Going beyond millions of fragments #5947

jackye1995 · 2026-02-12T20:02:59Z

jackye1995
Feb 12, 2026
Maintainer

Last year, I posted a discussion thread about scaling Lance manifest beyond a flat list of fragments: #4000. In that discussion my main points were:

a flat list of fragments should be sufficient. Delta has very similar setup and can scale to petabyte size tables.
we need benchmark to know what exactly our breaking point is, i.e. at how many fragments is the read/write performance going to be really bad
if we really want to move to a more complex structure, we can probably do some b-tree structure with write buffer like b-epsilon tree to fully solve this problem.

I think we definitely still want to learn more about 2, but for 1 and 3, things has changed a bit. Most noticeably, with Lance getting more and more popular in foundation AI labs, we are seeing very large Lance table users trying to do tables with over 100 trillion rows (EB level size) to train LLM with basically as much data as possible.

At this moment, we have 1M rows per fragment by default, and even if we extend that default, the manifest would end up with millions of fragments which would make both read and write performance suffer.

My initial thought was that we should just implement point 3, which evolves Lance to a multi-level manifest structure similar to Iceberg (but better). We had a discussion about this in community sync, and @westonpace brought up an invaluable point: at this scale, would it be better to just make it multiple Lance tables?

I personally really like this proposal, because:

it keeps the table format simple
with table at that size, vector index also reaches mathematical limit for recall performance. Doing multiple tables make the vector indexes local to each table and greatly improves recall
we are already working on the partitioned namespace feature and it's making a lot of progress (see the latest spec here: https://lance.org/format/namespace/partitioning-spec/)

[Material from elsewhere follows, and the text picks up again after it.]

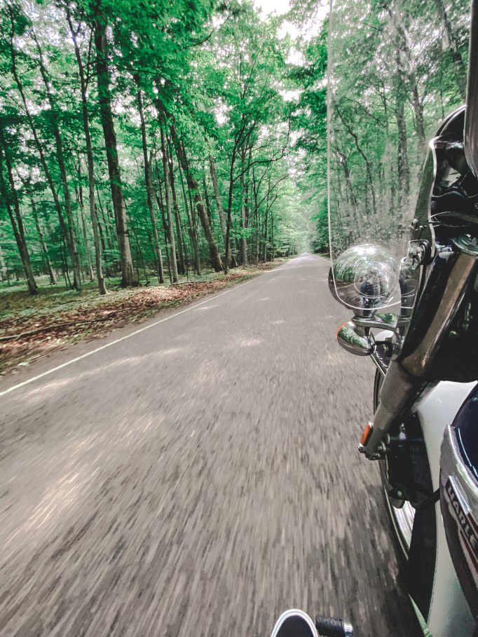 Rain aside, we headed south to ride Michigan’s famed Tunnel of Trees on M-119. The stretch to and through was absolutely breathtaking. 25 MPH and nothing but trees and an occasional break in landscape with views of Lake Michigan. It’s in these moments I wish I had a GoPro to bring you on the journey with us. Simply stunning.

The key question comes to: Is there any specific feature that user would gain by extending the table format to multi-level manifest, vs the partitioned namespace approach? Curious what people think!

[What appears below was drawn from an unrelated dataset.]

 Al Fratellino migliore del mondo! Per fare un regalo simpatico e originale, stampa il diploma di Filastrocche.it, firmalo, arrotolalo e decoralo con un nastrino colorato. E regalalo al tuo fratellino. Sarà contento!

I will try to produce some benchmark for 2 over the weekend so we can discuss things more concretely.

jackye1995 · 2026-02-16T23:11:00Z

jackye1995
Feb 16, 2026
Maintainer Author

Sharing some details of my benchmark investigation, I ran with S3 standard and S3 express.

I ran 5000 sequential commits, for every commit, I:

write the fragment (10 rows)
measure the time to commit the fragment (I set auto cleanup to false to avoid measuring cleanup time)
measure the time to do a fresh dataset load without any inherited cache

The result is quite interesting:

Overall, S3 express performance is much more stable than S3 standard, but it is not really better than S3 standard. For commit, S3 express started to be much faster, but ended up being slower than S3 standard. For load, S3 standard is always faster than S3 express.

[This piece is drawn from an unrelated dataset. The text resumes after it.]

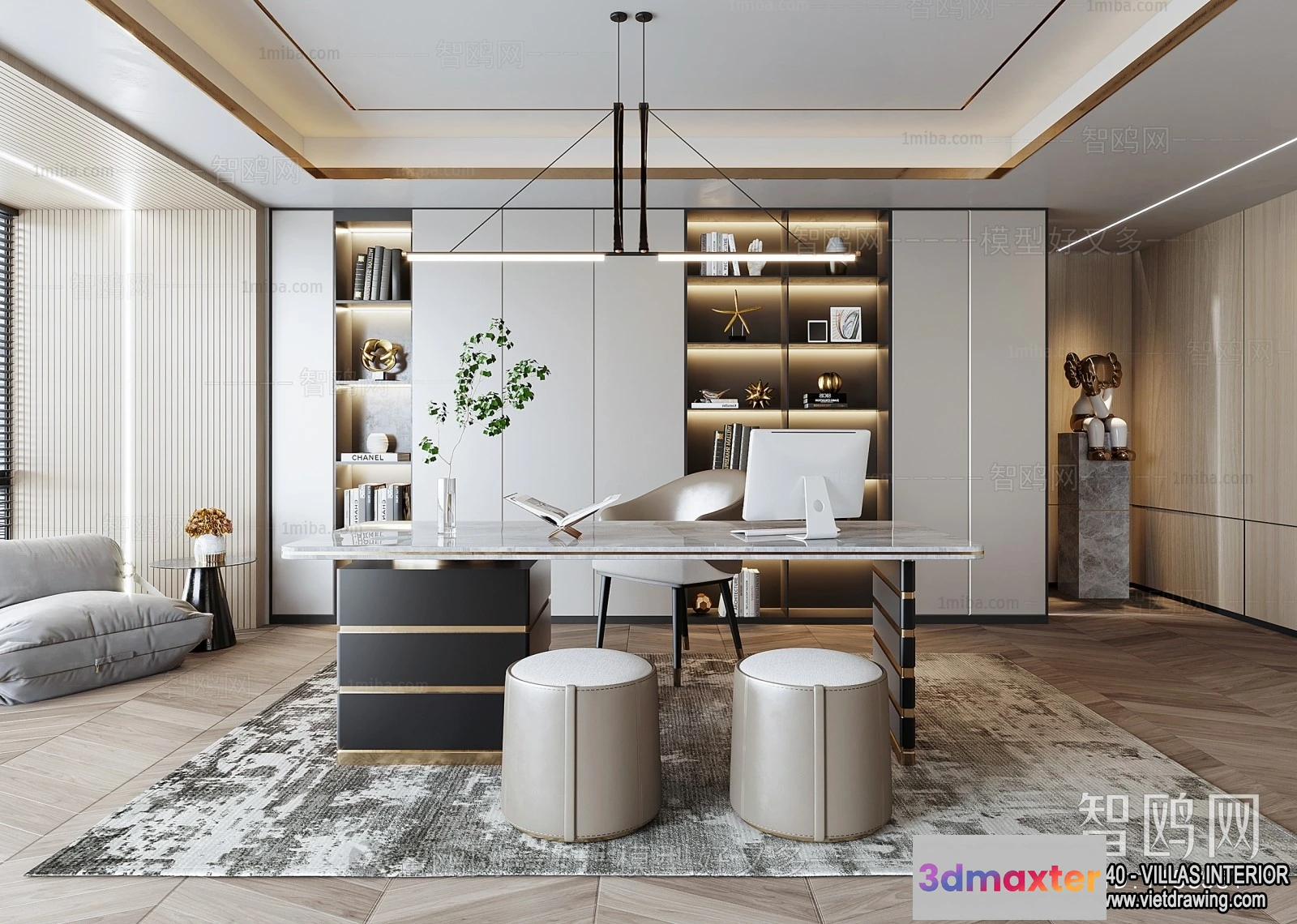 3D Models / 3D Scenes / Interior / Office Home / Study and Work Space – Villas 3D Interior Scene – 3D Models – 010 3D Max

I analyzed it more regarding the actual S3 latency, by replaying the S3 read and write operations only. For each file in _versions directory from oldest to newest, I:

read the manifest file to measure GET latency
write the content to a new _validate folder to measure PUT latency
do a listing to get all objects in _validate to measure LIST latency

This is what I got:

So S3 express is much better for GET and PUT, but not really significantly better for LIST. And because we get lexicographical sorting for S3 standard but not S3 express, our LIST latency stay around 60-90ms for S3 standard since we only need to list a single page for S3 standard, while S3 express latency grows linearly because it has to get all items in the directory. (the graph is a bit misleading because I also measured S3 standard listing all items, not just the first page) That explains the latency we observed initially.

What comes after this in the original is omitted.